POLÍTICA DE NÚMEROS E AFETOS
Em junho, sete foram os concelhos atingidos, a 15 de outubro, 44. Em Pedrógão, 53 mil os hectares ardidos e quatro meses mais tarde num único dia ardem cerca de 200 mil hectares. Impalpáveis porém visíveis são as brechas que surgiram no relacionamento institucional entre o Presidente da República e o primeiro-ministro. A culminar na próxima segunda-feira com a presença de Marcelo Rebelo de Sousa no almoço de Natal das vítimas de Pedrógão, reunião dita privada a que António Costa não foi convidado, como se de uma persona non grata se tratasse.

Antes ainda, o Governo foi confrontado com a primeira moção de censura, um ato simbólico, embora de consequências pífias. E se as sondagens parecem não refletir a diminuição da confiança da população no Executivo, os socialistas parecem beneficiar da ausência de uma liderança robusta no maior partido da oposição e com bonomia os eleitores tardam em reagir ao que aconteceu nos últimos seis meses, desde a demissão da ministra da Administração Interna e da sua equipa, o afastamento da liderança da Autoridade Nacional de Proteção Civil, à apresentação de relatórios técnicos sublinhando as falhas do Estado e elencando uma lista de tarefas a cumprir.

A relação do Governo com os acontecimentos fica ainda ensombrada pelas acusações de falta de transparência, com um dos investigadores — o professor da Universidade de Coimbra, Domingos Xavier Viegas — a acusar o MAI de censura pela decisão de não divulgar o capítulo do estudo que detalha as circunstâncias das mortes em Pedrógão.

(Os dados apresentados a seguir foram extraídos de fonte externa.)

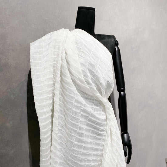 A light to medium weight, semi-opaque, non-stretch double weave with textural stripe repeat and soft yet structured handle and organic textured appearance and minimal drape.

Mas as contas dos fogos de 2017 estão ainda muito longe de poderem ser fechadas. A Associação das Vítimas do Incêndio de Pedrógão Grande transformou-se numa força de reivindicação que já não pode ser ignorada, marcando a atuação do Governo a par e passo. Em 2018 seguir-se-ão momentos difíceis, como a atribuição de indemnizações aos familiares das vítimas, mais relatórios terão de ser apresentados, o cumprimento das medidas anunciadas terá de ser cobrado, mas a grande incógnita é ver como será o próximo verão.
Determinante, portanto, será perceber a capacidade de reação do país, já que especialistas são unânimes em afirmar que cenários meteorológicos agudos irão repetir-se de forma cada vez mais violenta, colocando em risco camadas significativas da população e todo um ideal de turismo que Portugal tenta difundir.

O recorde de mortes — o incêndio de Pedrógão entrou na décima primeira posição para o ranking mundial dos mais mortíferos desde 1900 — não é um chamariz que se queira ostentar. Mas o país espera que, apesar da justificação das alterações climáticas, a soma de mortes não seja o novo normal.

O Ministério Público já começou a notificar os arguidos de Pedrógão por homicídio e ofensas corporais por negligência, mas, independentemente de quem vier a ser julgado, durante muito, muito tempo, as mãos dos portugueses continuarão a cheirar a fumo.